- **Work to be completed**
The result should be an exact copy of the data, free of pictures.

+++ Dataset excerpts +++

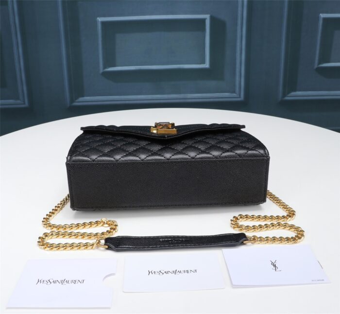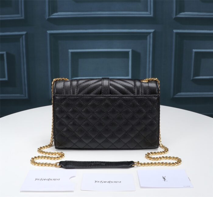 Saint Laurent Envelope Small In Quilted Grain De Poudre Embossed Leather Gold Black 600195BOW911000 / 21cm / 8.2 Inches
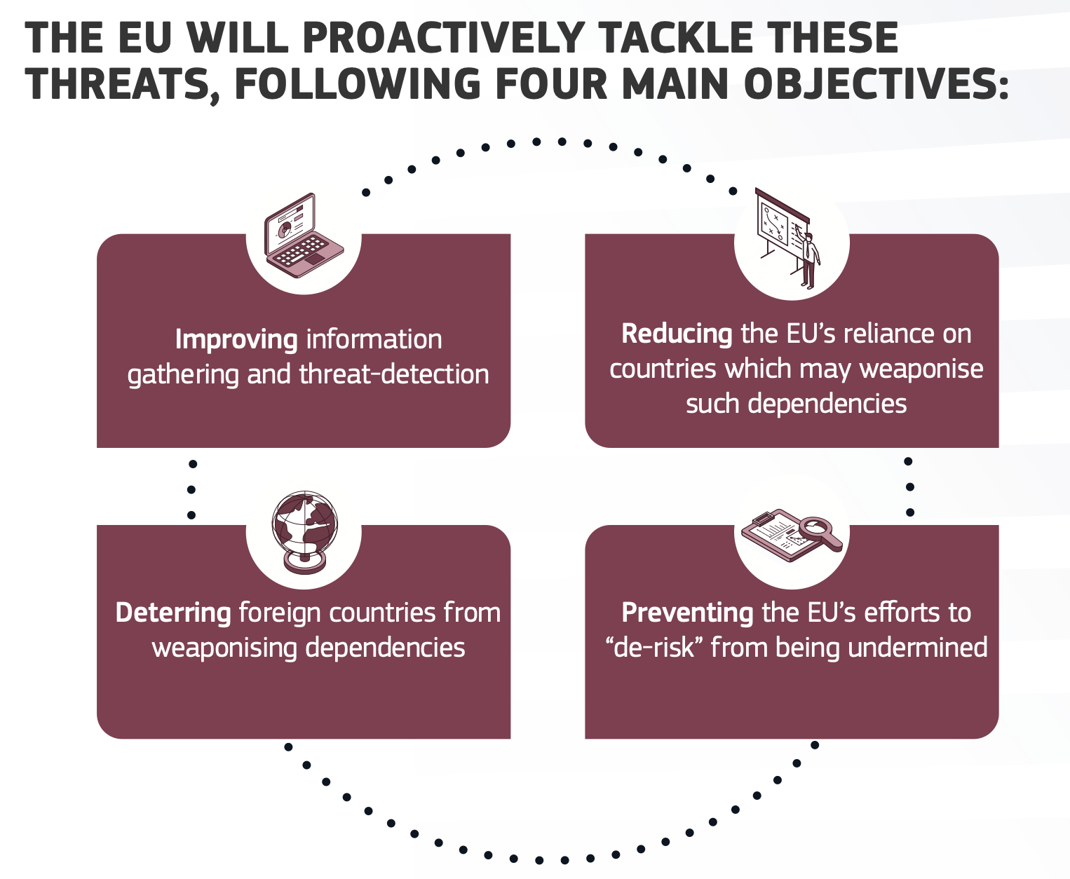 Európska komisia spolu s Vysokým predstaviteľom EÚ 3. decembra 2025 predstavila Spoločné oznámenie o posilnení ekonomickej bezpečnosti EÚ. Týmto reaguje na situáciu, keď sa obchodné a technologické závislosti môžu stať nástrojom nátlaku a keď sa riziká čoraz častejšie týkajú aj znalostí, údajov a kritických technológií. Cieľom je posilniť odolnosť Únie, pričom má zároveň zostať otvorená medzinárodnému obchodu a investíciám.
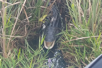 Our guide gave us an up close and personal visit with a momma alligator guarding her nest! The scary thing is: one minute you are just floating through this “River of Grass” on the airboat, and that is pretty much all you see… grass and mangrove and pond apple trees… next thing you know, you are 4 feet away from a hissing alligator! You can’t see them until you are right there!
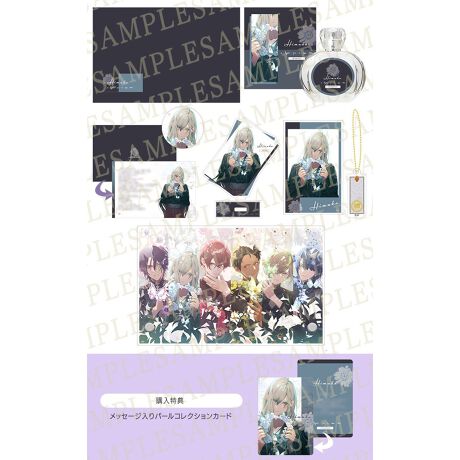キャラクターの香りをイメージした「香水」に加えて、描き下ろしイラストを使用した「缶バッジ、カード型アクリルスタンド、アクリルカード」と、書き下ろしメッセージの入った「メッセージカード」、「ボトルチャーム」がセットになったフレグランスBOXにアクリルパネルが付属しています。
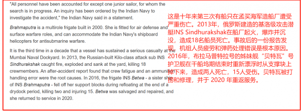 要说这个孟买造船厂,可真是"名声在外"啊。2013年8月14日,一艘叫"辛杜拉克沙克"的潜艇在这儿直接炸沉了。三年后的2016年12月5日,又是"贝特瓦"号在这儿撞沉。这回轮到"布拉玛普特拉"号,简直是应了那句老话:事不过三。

+++

- **Output**
 Saint Laurent Envelope Small In Quilted Grain De Poudre Embossed Leather Gold Black 600195BOW911000 / 21cm / 8.2 Inches
 Európska komisia spolu s Vysokým predstaviteľom EÚ 3. decembra 2025 predstavila Spoločné oznámenie o posilnení ekonomickej bezpečnosti EÚ. Týmto reaguje na situáciu, keď sa obchodné a technologické závislosti môžu stať nástrojom nátlaku a keď sa riziká čoraz častejšie týkajú aj znalostí, údajov a kritických technológií. Cieľom je posilniť odolnosť Únie, pričom má zároveň zostať otvorená medzinárodnému obchodu a investíciám.
 Our guide gave us an up close and personal visit with a momma alligator guarding her nest! The scary thing is: one minute you are just floating through this “River of Grass” on the airboat, and that is pretty much all you see… grass and mangrove and pond apple trees… next thing you know, you are 4 feet away from a hissing alligator! You can’t see them until you are right there!
キャラクターの香りをイメージした「香水」に加えて、描き下ろしイラストを使用した「缶バッジ、カード型アクリルスタンド、アクリルカード」と、書き下ろしメッセージの入った「メッセージカード」、「ボトルチャーム」がセットになったフレグランスBOXにアクリルパネルが付属しています。
 要说这个孟买造船厂,可真是"名声在外"啊。2013年8月14日,一艘叫"辛杜拉克沙克"的潜艇在这儿直接炸沉了。三年后的2016年12月5日,又是"贝特瓦"号在这儿撞沉。这回轮到"布拉玛普特拉"号,简直是应了那句老话:事不过三。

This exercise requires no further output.